In the opening scene at the Freiberg airport, we are given this subjective shot of the exit, whose double glass doors precisely mirror the double-doored art gallery entrance where Tony Musante is trapped to witness the attempted murder that sets BIRD in motion. Since this scene was not actually shot at a real airport, it is quite possible that this exit was literally composed of the same set components as were used in the earlier film.
Another celebrated SUSPIRIA moment among the eagle-eyed is this almost subliminal image, from Suzy's point of view, as her taxi drives her through the Black Forest. As a flash of lightning casts unbidden shadows, we see what appears to be a maniacal hand wielding a wicked blade.

I've always considered this flash -- which exists outside the main narrative but serves to make the night appear full of unimaginable horrors -- to be one of the movie's moments of real genius. It looks so spontaneous but it must have been extremely well planned. But again, while revisiting SUSPIRIA recently after I don't know how many viewings, I happened to catch another subliminal during the taxi sequence -- possibly unintentional -- for the first time.

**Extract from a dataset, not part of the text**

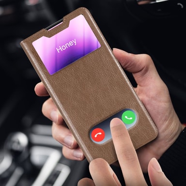 SUUNNITTELU: Käytännöllinen kotelo ikkunalla, jalustalla ja magneettisuljuksella. Kaksoisikkunan ansiosta mm. B. Hyväksy puhelut suljettuna. NO Auto On - Off-toiminto

Right after Suzy presses a piece of paper bearing the address of the Tanz Akademie to the glass separating her from the taxi driver (Fulvio Mingozzi) -- another glass barrier! -- there is yet another flash of lightning, revealing yet another subliminal. What? Didn't catch it? Here, have a closer look...
Yes, that's a reflection of Dario Argento himself, evidently directing the scene from the back seat of the taxi! To the best of my knowledge, no one else has previously documented this hidden image (if so, I'll happily credit them) and it's a particular delight to discover after all this time. It makes me wonder how much still remains to be unearthed from the endlessly rich textures and scenics of SUSPIRIA -- buried references to all of Argento's previous features, perhaps?

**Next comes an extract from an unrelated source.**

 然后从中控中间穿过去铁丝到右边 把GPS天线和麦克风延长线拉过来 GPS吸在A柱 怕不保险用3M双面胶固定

I can cite two other examples right away. If something seems familiar about Albert (Jacopo Mariani), the malevolently grinning child in the background of this shot, it is because Master Mariani wore the same, or very similar, shoes and socks when he previously stepped into frame at the end of the startling pre-credits scene of DEEP RED [Profondo rosso, 1975]. My thanks to Thomas Rostock for confirming this in his note below. And isn't Daniel (Flavio Bucci), the school's blind piano teacher, an echo of Karl Malden's Franco Arno in THE CAT O' NINE TAILS [Il gatto a nove code, 1971]?

I don't pretend to have all the answers, but I suspect this film still has much left to reveal.